そうだ。確かにそう言っていた。だけど。

「人間じゃないっていうのは気づいてたけど……まさか、廉冶さんは、本当に神様なの?」
「当然だろ。なんだ、知らないで俺の嫁になるって言ってたのか」


 私が混乱していると、タッタッタッと遠くから、小さな足音が近づいて来る。


「おとうさーん」

 そう叫びながら走ってきたのは、灰色と白い毛の混じったかわいらしい子猫だった。

 え? ということは今、この子猫が喋った?
 子猫はくるりと宙にかえって、何と人間の男の子に姿を変えた。

 私は呆然とした顔で男の子を見つめる。

 彼は、この家に廉冶さんしかいないと思っていたのだろう。

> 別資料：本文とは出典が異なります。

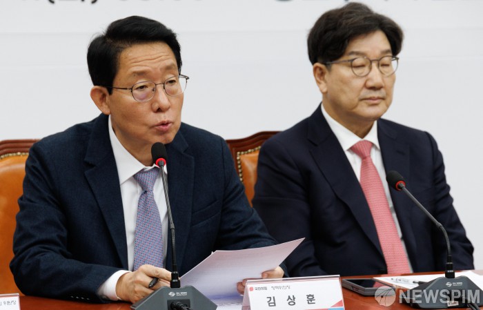 [서울=뉴스핌] 윤창빈 기자 = 김상훈 국민의힘 정책위의장이 4일 오전 서울 여의도 국회에서 열린 반도체특별법 주52시간제 특례 도입을 위한 당정협의회에서 모두발언을 하고 있다. 2025.02.04 pangbin@newspim.com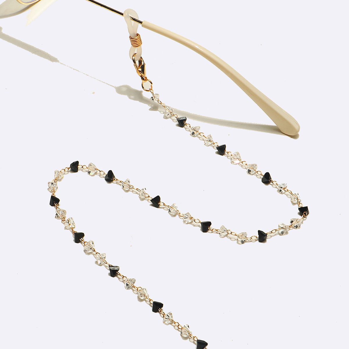 Металлическая нескользящая цепочка золотого цвета, с черными и белыми кристаллами, для очков и масок GL1639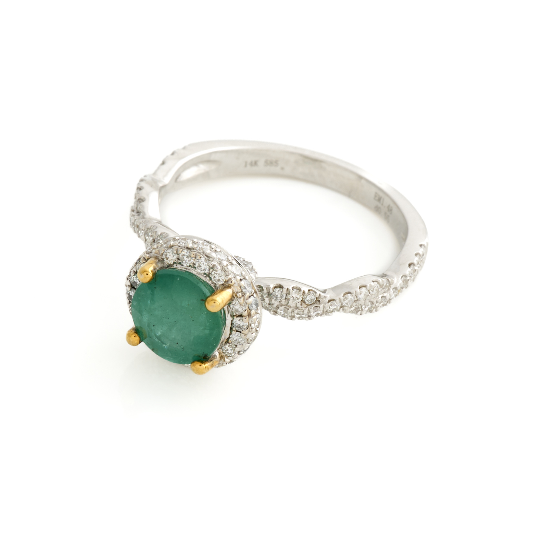 AN EMERALD AND DIAMOND RING IN 14CT WHITE GOLD, THE EMERALD WEIGHING APPROXIMATELY 1.48CTS, THE DIAMONDS TOTALLING APPROXIMATELY 0.55CTS, SIZE O, 3.8GMS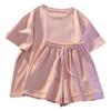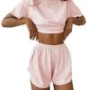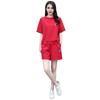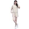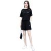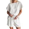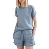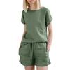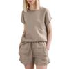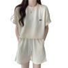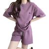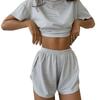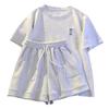 2 szt./zestaw Letni damski dres Okrągły dekolt Nadruk z literami Jednolity kolor Koszulka z krótkim rękawem Szorty ze sznurkiem i elastyczną talią Do sportu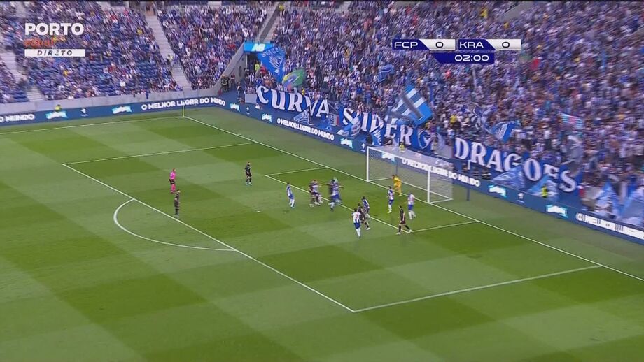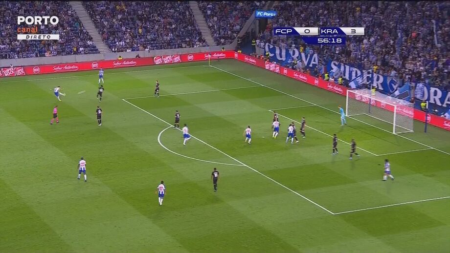 37'- Marega! Cruzamento de Alex Telles a partir da esquerda e o maliano, depois de ganhar nas alturas a Spajic, cabeceia ao lado.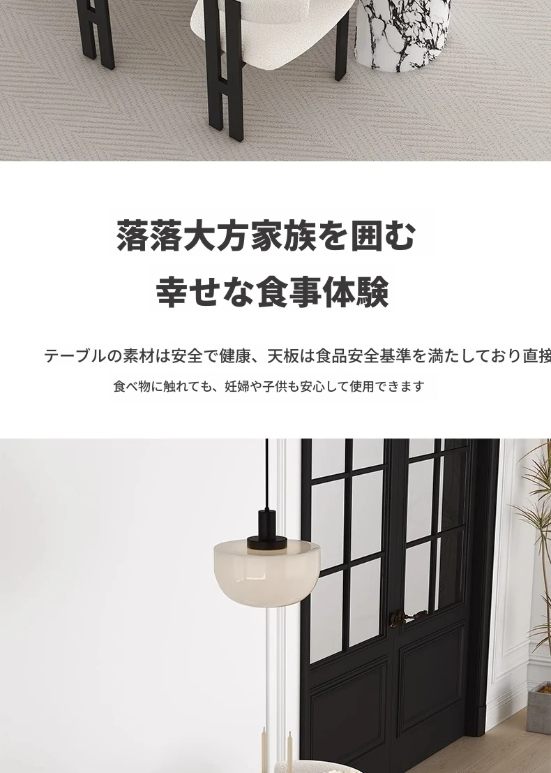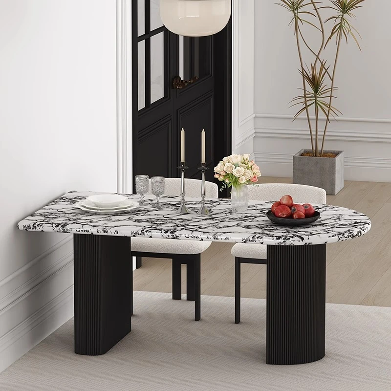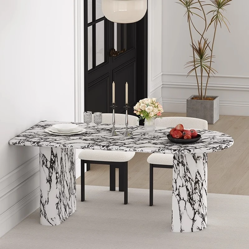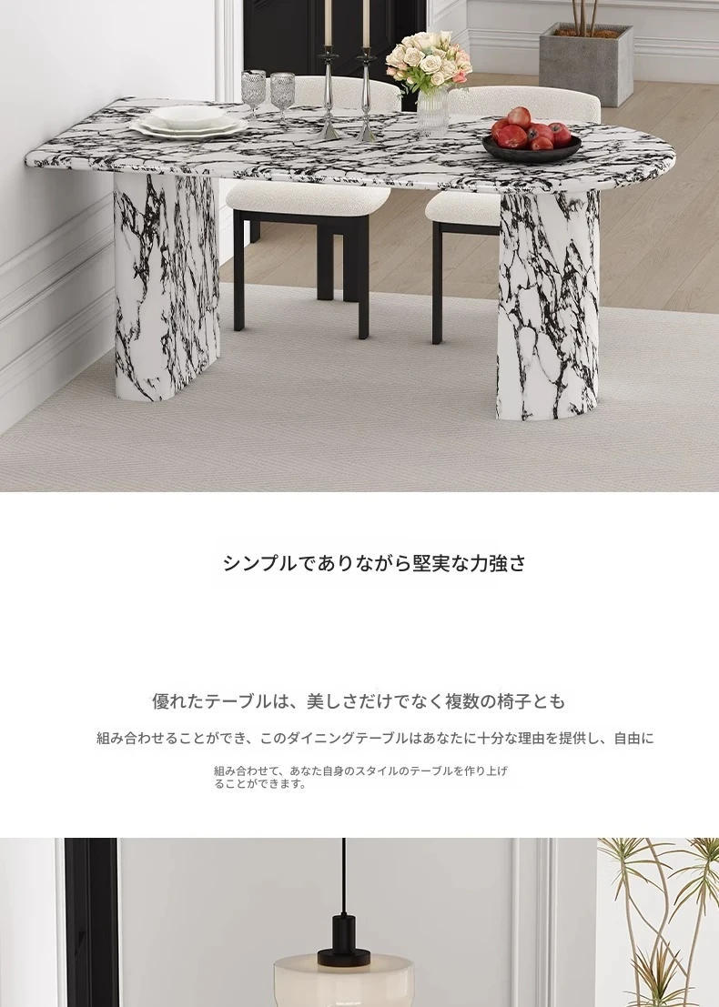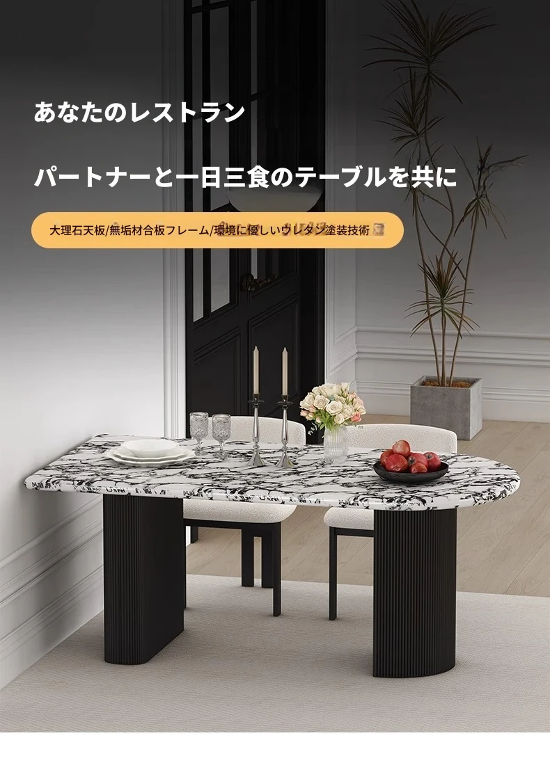 モダンでシンプルな大理石ダイニングテーブル - フレンチ・ヨーロピアン・ビンテージスタイル、ラグジュアリーな実木仕上げ、ボッテガ・ヴェネタの高級感を演出!

警戒したように廉冶さんの後ろに隠れ、私を睨みつける。


「お父さん、誰、この人……」

 男の子は真ん丸の大きな瞳に、ふっくらしたほっぺをしていた。
 天使が人間の世界にいたら、きっとこういう外見をしているだろうし、羽がないのが不自然なくらいだ。 

 なんてかわいい子だろう。

 男の子には羽が生えていないかわりに、猫の耳と尻尾が生えていた。

 廉冶さんはにこりと笑い、男の子の頭を優しく撫でる。
 いいなぁ、私もこの子の頭を撫でたいなぁ、と一瞬ほんわかした気持ちになったが。


 いや、待って、今この男の子、廉冶さんのことをお父さんって言った!?


「こいつはマオ。俺の息子だ」

「息子!?」

「そうだ。俺の嫁になるなら、弥生はマオの母親になるけど、それでもいいか?」

「え、えっと……」


 あまりにも情報量が多すぎて、処理が追いつかない。

 お父さんってことは、廉冶さんはこの子の親ってことだよね。
 え、誰の子? 私と結婚するんじゃないの? 

 じゃあ母親はどこに行ったの? 今、私がこの子の母親になるって言った? 

 そもそもこの子は猫から人間になったよね。
 ということは人間じゃなくて、きっと猫のあやかしで……。


 ぐるぐる考えていると、マオ君はぴしゃりと言った。


「僕は嫌です!」

「えっ」

「僕はこの人がお母さんになるの、嫌です!」

「えっ!」

 それを聞いた廉冶さんがおかしそうに笑って、またごしごしとマオ君の頭を撫でた。


「そうか、嫌か。まぁ突然は無理だよな。とにかく、一緒に暮らしてみようぜ。一緒に暮らしているうちに、分かることも多いだろ」


 というわけで、私もまだまだ混乱しているんだけど。
 ある日突然、神様と結婚することになって、母親になってしまいました。